While Dunaway’s onscreen story has been filled with glory, her offscreen life was very different, seemingly written in disappearing ink, as she appeared to fade from the public eye in recent years. Now, here she was standing on a cinema stage again, alongside Bouzereau and her son, Liam O’Neill, to introduce the movie about her life.
“It’s always an honor to present a film in Cannes,” she said, adding that the documentary was “a role I didn’t have to rehearse.”
Then the lights went down and the audience could indulge in watching the movie star whose roles almost always came with conflict and turbulence.
“Are we shooting?” she demands onscreen at the start of FAYE. “C’mon, I’m here! I want to shoot…Now!”
BREAK
Dunaway’s return to Cannes to walk the red carpet this year came during a feast of a festival, which featured other vintage names like Francis Ford Coppola (Megalopolis), Elizabeth Taylor (in the documentary Elizabeth Taylor: The Lost Tapes), Meryl Streep (opening night honoree), George Lucas (receiving an honorary Palme d’Or), Demi Moore (The Substance), and even Donald Trump (embodied by the actor Sebastian Stan in The Apprentice).
Dunaway’s appearance was perhaps the most surprising because few stars in the history of cinema have a more mercurial reputation.
“Oy, vey, what a pain in the ass,” says Chinatown first AD Hawk Koch in the doc, remarking upon Dunaway’s habit of using Blistex—which he says was her “security blanket”—between takes.

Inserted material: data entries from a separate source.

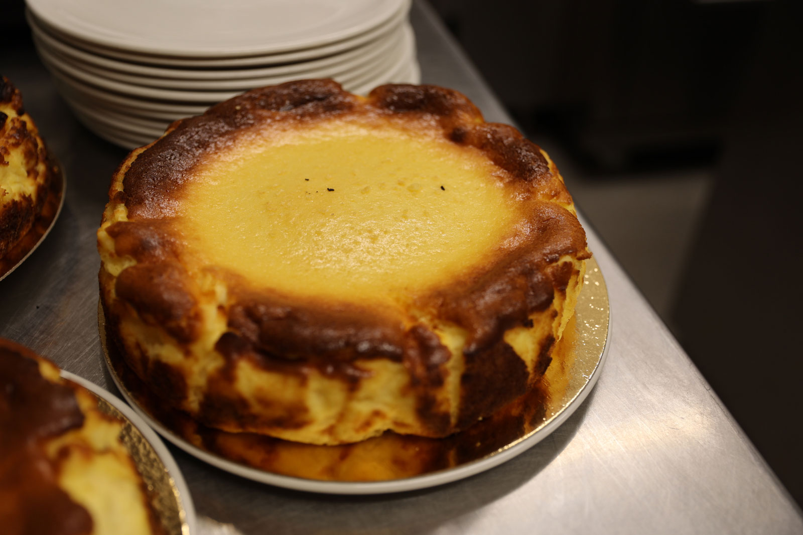 焦げ目がついた外側はサクッと、中はとろとろの食感で、クリームチーズの濃厚な味わいは一度食べたら忘れることができません。ほとんどのお客さんがこのチーズケーキを目当てに行列を作っており、イートインとテイクアウトの割合は半分ほどでしょうか(なかにはホールで購入していく地元客も!)。もちろん店内で食べる場合、コーヒーはもちろん、シェリー酒と合わせても相性抜群です。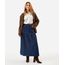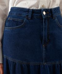 saia midi feminina jeans com recorte e franzidos cintura alta azul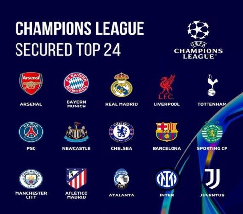 至少確保附加賽球隊:皇馬、利物浦、熱刺、巴黎、紐卡、切爾西、巴薩、葡萄牙體育、曼城、馬競、亞特蘭大、國米、尤文
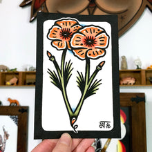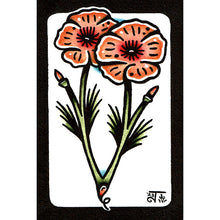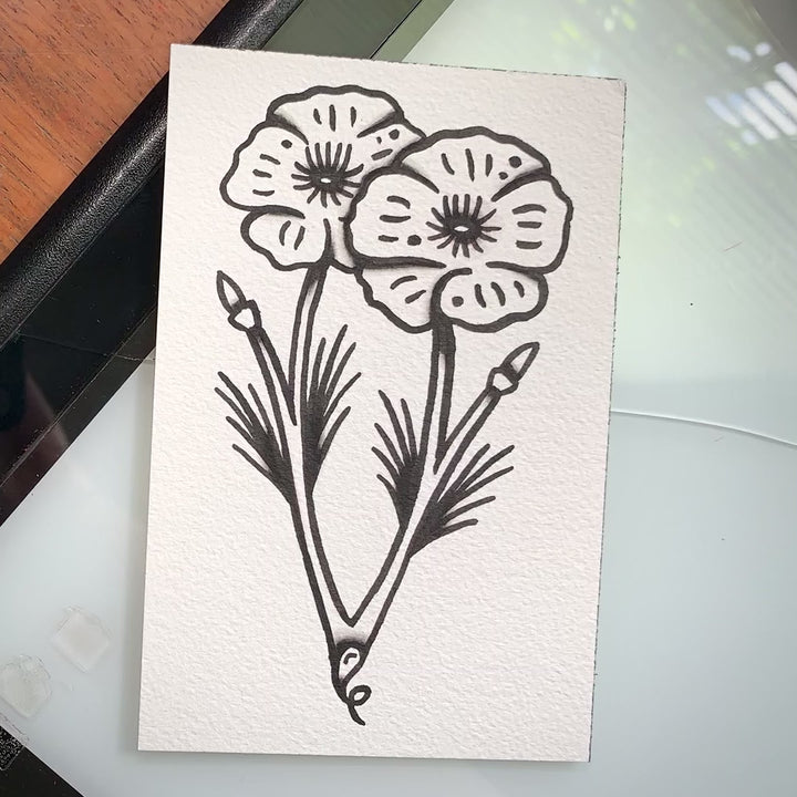 American traditional tattoo flash California Poppies ink and watercolor painting.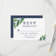 Vår bröllop osa med handdragna grönsakssvängar fyllda med vattenfärg struktur som omger er text mörk blått.

“Faye Dunaway in one word?” adds film historian Annette Insdorf. “Complicated.”
In a clip included in the film, Johnny Carson asks Bette Davis on The Tonight Show if there is anyone in Hollywood she recalls as particularly difficult.
“Yes,” Davis replies without missing a beat. “Faye Dunaway. And you can ask anyone else and they will tell you the same thing!”
Bouzereau balances those kinds of barbs with admiring testimony from Dunaway’s friends, including Sharon Stone and Mickey Rourke.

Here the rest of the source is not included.